AI Web Debugger is an Electron desktop application that embeds a sandboxed browser (via Chromium DevTools Protocol) and exposes a structured tool layer so a large-language model can observe and diagnose live web pages. The LLM never touches DOM, network, or storage directly — everything flows through a ToolRegistry with Zod schemas, risk labels, ActionPolicy gating, ContentBoundaryWrapper nonce isolation, and a Redactor that strips secrets before any data reaches the model. Designed for developers and QA engineers who want an AI co-pilot for debugging unfamiliar or flaky pages.

Quickstart

This project uses bun as the package manager and script runner.

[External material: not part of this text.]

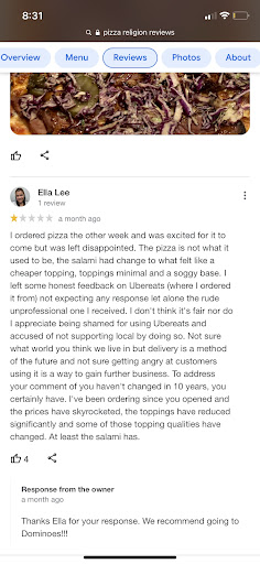 It is a shame as the staff from years back were more friendly and at least looked like they enjoyed being a part of Pizza Religion. As much as I have tried to support them, I will now be going elsewhere for pizza, to places that are at least appreciative of...
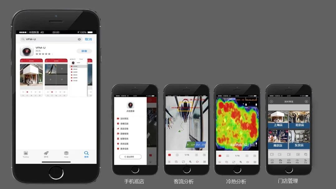 VFM 视频监控中心是永乐高ylg888888安防免费视频监控平台APG-AS300 和 定制视频监控平台VFS-B3000 中的移动端软件增强模块,该系统可与永乐高ylg888888安防品牌摄像机实现快速视频接入,实现手机移动端访问门店进行视频查看、全国分店集中管理,还可快速与永乐高ylg888888安防AI功能型摄像机实现快速对接,实现随地随地查看门店进出客流量等视频叠加数据,实时分析监测数据,可用于实时动态跟踪进出门店的顾客消费行为与偏爱,辅助了解实体门店内的消费行为, 辅助店铺精准营销及管理运营策略优化。

# 1 — Install dependencies
bun install

# 2 — Start the app in development mode
bun run dev

# 3 — In a separate terminal, start the fixture server (optional but useful for testing)
bun run fixture

# 4 — In the app address bar navigate to:
#     http://127.0.0.1:4321/

The fixture server at http://127.0.0.1:4321/ serves a pre-wired debug site with intentional errors, slow endpoints, and secret-leaking routes so you can exercise every tool without a real target.

Install With Homebrew

brew tap dickwu/tap
brew install --cask ai-web-debugger

The macOS build is unsigned and not notarized. If macOS shows a damaged app or quarantine warning, run:

sudo xattr -d com.apple.quarantine /Applications/AI\ Web\ Debugger.app/

Architecture

The app is split into three Electron processes. The main process owns all privileged work: CDP attachment, network/console recording, the ToolRegistry, AgentRunner, and all file I/O. It communicates with the renderer through a narrow, typed IPC whitelist exposed by contextBridge in the preload script — raw ipcRenderer is never exposed. The target web page runs in a fully sandboxed WebContentsView with no preload and no Node access; it is treated as untrusted at all times.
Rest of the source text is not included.